The work involves replacing 920 square metres of glazed tiles on the façade of the 1970’s building, which is home to more than nine million fossils.

The Palaeontology Building provides working space for 46 permanent researchers, conservators, curators, students and short-term researchers as well as 1,000 visitors a year from international institutions

To ensure disruption to their activities is kept to a minimum, a detailed floor-to-floor schedule of work has been agreed, with each part of the refurbishment contract undertaken in stages.

The Norman & Underwood team is replacing 500 existing panels with non-vision aesthetic toughened glass spandrel panels with integral insulated backing. These panels externally obscure the building’s concrete floor slabs at each floor level.

Chris Doran, contract supervisor in the company’s Glazing Systems Division added: “The contract requires new exterior glazing to all five floors to replace the existing glazed tiles which have faded.
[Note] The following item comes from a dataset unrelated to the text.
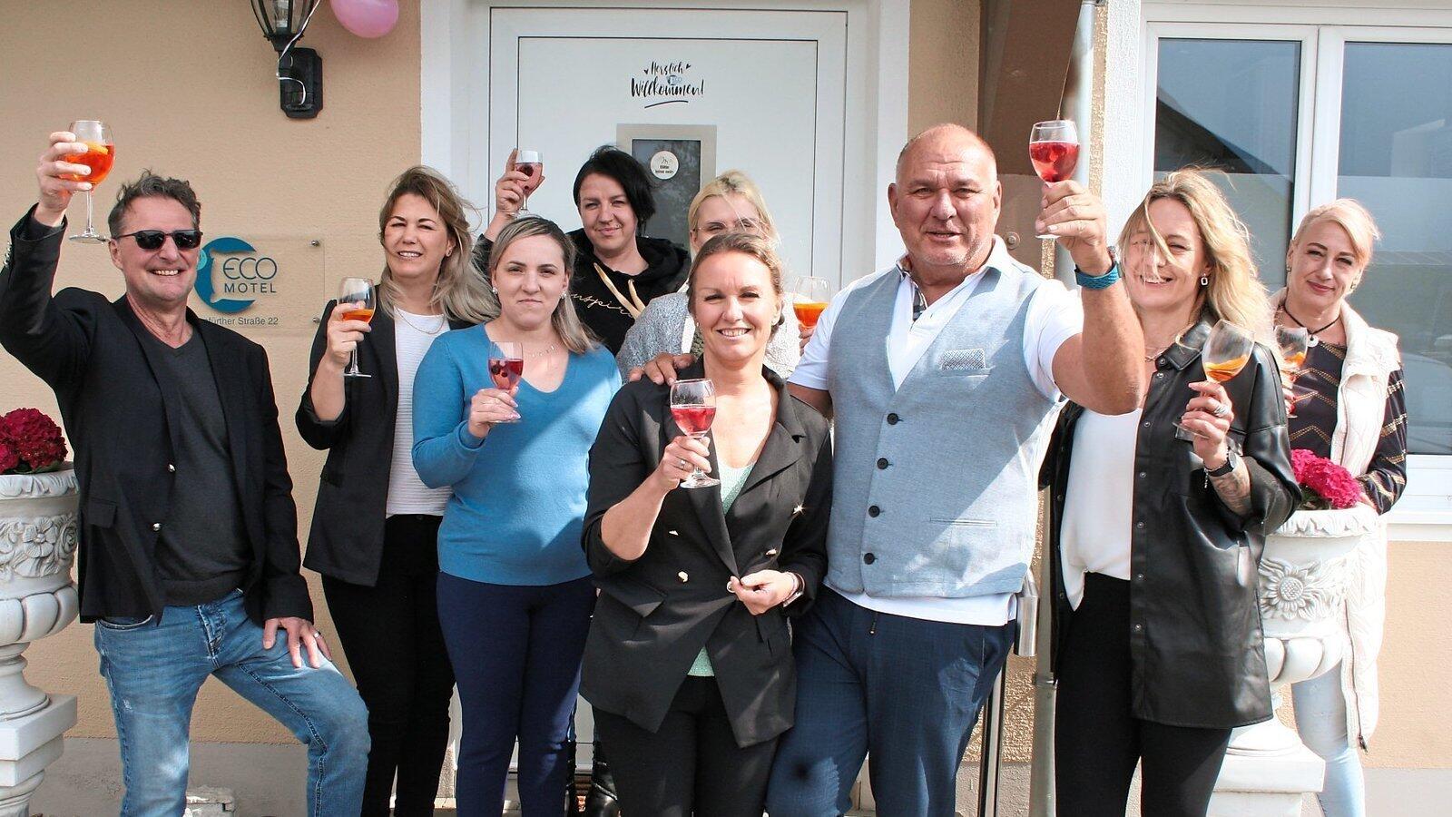Martin (3. v. r.) und Jana Petzenhauser (4. v. r.) stoßen mit Architekt Hermann Wutz und einigen Mitarbeitern auf die feierliche Eröffnung des Eco-Motels in Wallersdorf an. Dieses soll dem entgegenwirken, dass im Motel Isar in Pilsting die Zimmer nicht reichen.

The work will take around five to six months to complete.”

The contract is just one part of the £7.5 million upgrade, funded by the Department for Culture, Media and Sport and the Natural History Museum and led by the Museum’s Estates Department under the guidance of English Heritage.

Undertaken over two years, the project comprises improvements to fire safety and lighting, the removal of asbestos, new cabling to cater for modern IT requirements as well as general office and laboratory refurbishment.

When completed the improved building will provide enhanced protection of some of the museum’s most sensitive collections, which include Ice Age mammals, plants collected by Scott’s expedition to the South Pole, insects preserved in amber and archaeopteryx, a fossil of the world’s oldest bird.

The Palaeontology Building is currently covered by a protective hoarding, but visitors to the museum are able to see some of the work in progress through a series of view-points.

Mr Doran added: “It is good to be involved in the upgrade of a museum building which houses such important collections and attracts thousands of visitors from all over the world.”

“This contract is one of several we have secured recently in Central London, with our division also undertaking glazing work on projects in Soho Square, Piccadilly Circus and Shaftesbury Avenue.”